Passover in the Children’s Hospital

soup-veggiesTonight is the first night of Passover, and I woke up early to chop carrots and celery and onions and garlic, the four-musketeers of my favorite parts of the traditional festive meal we’ll have tonight. As I type, I can smell the matzo-ball-soup cooking, the potatoes I added thickening the broth, the dill adding the freshness of spring. I don’t have much time to plan the seder itself, a religious service observed at my second favorite chapel in the world: my dining room table, second only to my kitchen.

I appreciate this day more now than when I was younger, possibly because I spent one terrible, heavy Passover in the hospital with my youngest daughter as she recovered from heart surgery. I think of it now, every year, as I chop and season and clean and prepare for the sometimes 28, sometimes 15 people who come to my house to share the meal with us.
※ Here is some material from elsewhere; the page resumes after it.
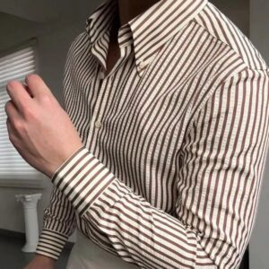 Men’s Casual White-Rust Full Sleeve Cotton Italian Strip Crush Shirt

That year, it was just me and Sammi: me in an armchair and her in her tipped-up hospital bed, eating matzo with jam and fat-free cheese and watching The Prince of Egypt on Netflix. It was beautiful, and it was terrible, and while I’m glad we did it, I never want to do it again.

In skimming resources online for new readings to share oat our seder, I found this poem, which made me teary:


Ode to Kosher-for-Passover Pudding
By Rabbi Annie Lewis

Praise be to
Kosher-for-Passover pudding
in packs of four
cups stacked like cars
on a trailer.
A traffic jam of Kosher-for-
Passover pudding cups
on a tin-foiled shelf,
behind a latch
in a room with a code –
Hamesh – Echad – Shalosh.
If you can read and
translate you can
make it inside this
Chai Lifeline safe zone
with the Haimish soda
and the mini bottled waters
labeled Mayim Chayim.
If you can crack the code
you can dip into this
oasis of muddy sweetness,
this Kosher-for-Passover pudding,
while your baby breathes
sixty-four times a minute,
while she kicks and dozes
and cries out
from her fevered body,while you wait for the resident,
for the attending,
for the x-ray,
for the bag to fill with pee,
while you take turns
holding her between
rickety bed rails,
while the people on HGTV
find their tiny dream home,
a whole house the size
of this Chai Lifeline Pantry.
No windows,
no worries,
no regrets
for these Exodused people.
Only Kosher-for-Passover pudding.


passover-in-the-hospital

I can hear her. You can read about Sammi’s and my hospital-room seder in this essay I wrote for Kveller.com several years ago.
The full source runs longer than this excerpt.